* **Description of the task**: Return all the lines below exactly. Any picture among them is omitted.

* **Provided data**:
******

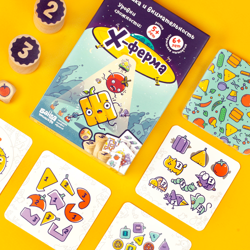 В игре используется семь типов заданий и кубик с дополнительными условиями. Эти элементы делают игру вариативной и надолго удерживают интерес детей. Задания ориентированы на логическое и пространственное мышление, скорость реакции и быстрый счёт. Увлекательная игровая механика «X-фермы» помогает весело развивать эти навыки в кругу семьи!
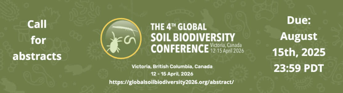 The abstract submission deadline for the GSB Conference 2026 has been EXTENDED! Abstracts are now due August 15th, 2025 23:59 PDT. Abstracts should align with a minimum of one of seven different themes: 1. Soil Biodiversity Under Threat, 2. Soil Biodiversity as Nature-Based Solutions, 3. Soil Biodiversity Science: From Theory to Practice, 4. Innovations in Soil Biodiversity Research, 5. Patterns in Soil Biodiversity: Space and Time, 6. Soil Biodiversity Across Systems and Taxa, and 7. From Research to Action: Policy, Health & Society.
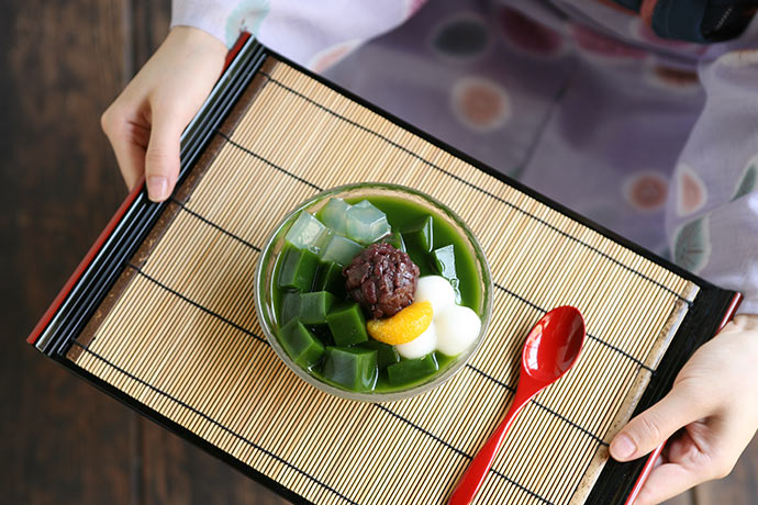 伊藤久右衛門の宇治抹茶あんみつは、挽きたての宇治抹茶、丹波大納言小豆などの京都ならではの素材を厳選、お茶屋ならではのこだわりの味を、手作りで皆様にお届けしております。

******

* **Solved exercise**:
 В игре используется семь типов заданий и кубик с дополнительными условиями. Эти элементы делают игру вариативной и надолго удерживают интерес детей. Задания ориентированы на логическое и пространственное мышление, скорость реакции и быстрый счёт. Увлекательная игровая механика «X-фермы» помогает весело развивать эти навыки в кругу семьи!
 The abstract submission deadline for the GSB Conference 2026 has been EXTENDED! Abstracts are now due August 15th, 2025 23:59 PDT. Abstracts should align with a minimum of one of seven different themes: 1. Soil Biodiversity Under Threat, 2. Soil Biodiversity as Nature-Based Solutions, 3. Soil Biodiversity Science: From Theory to Practice, 4. Innovations in Soil Biodiversity Research, 5. Patterns in Soil Biodiversity: Space and Time, 6. Soil Biodiversity Across Systems and Taxa, and 7. From Research to Action: Policy, Health & Society.
 伊藤久右衛門の宇治抹茶あんみつは、挽きたての宇治抹茶、丹波大納言小豆などの京都ならではの素材を厳選、お茶屋ならではのこだわりの味を、手作りで皆様にお届けしております。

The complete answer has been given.